Once the user account linked to the troubled user identity is identified, the associated identities determining unit 414 may determine some additional user identities associated with the user account and potentially under attack. As discussed herein, the associated identities determining unit 414 can enumerate all controllable identities stored in that user account including the user account and the additional user identities potentially under attack. For example, the associated identities determining unit 414 can discover all username/passwords that are stored in connection to a user's Google account. In some examples, the associated identities determining unit 414 can identity all username/passwords that are visible to a company's administrator's user account.
In implementations, the associated domains determining unit 416 may be configured to identify the domain information corresponding to the controllable identities potentially in threat. For instance, the associated domains determining unit 416 may retrieve all IP addresses of the domains in threat. The associated domains determining unit 416 may also determine the categories of these domains, i.e., whether a domain is a network router/switch, an application server, a virtual desktop, a file storage, a block storage, or an object storage, etc.

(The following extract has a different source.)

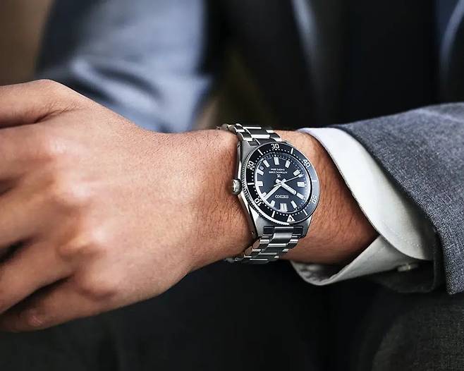 현대적인 모습으로 바뀐 단방향 회전 베젤에는 알루미늄 인서트가 탑재됐고, 다이빙 스케일은 레이저로 정교하게 각인됐다. 스크류 다운 크라운은 케이스 안으로 살짝 들어간 형태다. 4시와 5시 사이에 배치된 날짜창은 배경색도 검정색으로 맞춰 다이얼과 조화를 이룬다. 직선적인 바 인덱스는 오리지널 워치보다 부드러워졌다. 케이스백은 솔리드 타입으로 단단히 닫혀 있으며, 그 위에는 세이코의 상징인 웨이브 엠블럼을 장식했다. 내부에는 72시간 파워 리저브를 제공하는 오토매틱 칼리버 6R55를 담았다. 세이코는 3연 브레이슬릿도 새롭게 디자인했다. 러그와 링크가 전작에 비해 짧아져 보다 편안한 착용감을 보장한다. 222만 원.

The control action determining unit 418 may be configured to determine a propriate action to block and/or suspend the subsequent attacks to other domains once a threat behavior is detected on that endpoint device. The actions may be determined based on one or more of the endpoint device information, the threat behavior, the associated identities, or the associated domains, etc. For instance, if the threat behavior exhibits the character of the network worm, the control action determining unit 418 may enforce automatic multi-factor authentication (MFA) to all associated identities or block authentication of all associated identities, halting the lateral movement to other network devices from the compromised endpoint device. In another instance, if the threat behavior exhibits the character of the ransomware that is first observed on a first endpoint device and is laterally moving to a second endpoint device, the control action determining unit 418 may block the authentications to the second endpoint device from the identities being used on the first endpoint device. In yet another instance, if the threat behavior is determined to be generated by the hands keyboard activities on a first endpoint device, the control action determining unit 418 may increase monitoring the activities from the first endpoint device and implement automatic MFA when the user attempts to use a remote desktop protocol or other Windows authentication mechanism to laterally move to one or more second endpoint devices in the network.

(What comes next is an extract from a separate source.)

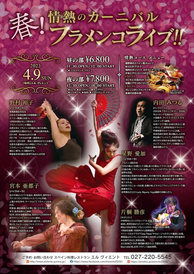 ■4月9日(日)群馬県・前橋「エル ヴィエント」 027-220-5545
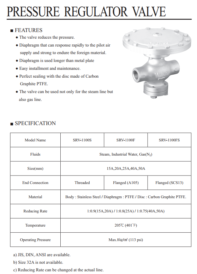 - Van điều áp SRV sử dụng hơi ( 2050C) nước công nghiệp gas ( N2) áp lực max 8 bar, van thiết kế nhỏ gọn , tiết kiệm diện tích lắp đặt hoạt động chính xác, hiệu quả cao.

It should be understood that the compromised identity determining unit 406, the endpoint device determining unit 408, the threat behavior determining unit 410, the user account determining unit 412, the associated identities determining unit 414, the associated domains determining unit 416, and the control action determining unit 418 shown in FIG. 4 are for illustrative purposes. The present disclosure is not intended to be limiting. The identity control module 402 may use one or more aggregated function modules to perform the operations described above. In some examples, the telemetry data instead of the threat report can be directly provided to the identity control module 402 to determine the controllable identities potentially in attack.
FIG. 5 illustrates an exemplary process for identity control according to an embodiment of the present disclosure. By way of example and without limitation, the processes are illustrated as logical flow graphs, each operation of which represents a sequence of operations that can be implemented in hardware, software, or a combination thereof. In the context of software, the operations represent computer-executable instructions stored on one or more computer-readable storage media that, when executed by one or more processors, perform the recited operations. Generally, computer-executable instructions include routines, programs, objects, components, data structures, and the like that perform particular functions or implement particular abstract data types. The order in which the operations are described is not intended to be construed as a limitation, and any number of the described operations can be combined (or omitted) in any order and/or in parallel to implement the processes. In some examples, multiple branches represent alternate implementations that may be used separately or in combination with other operations discussed herein.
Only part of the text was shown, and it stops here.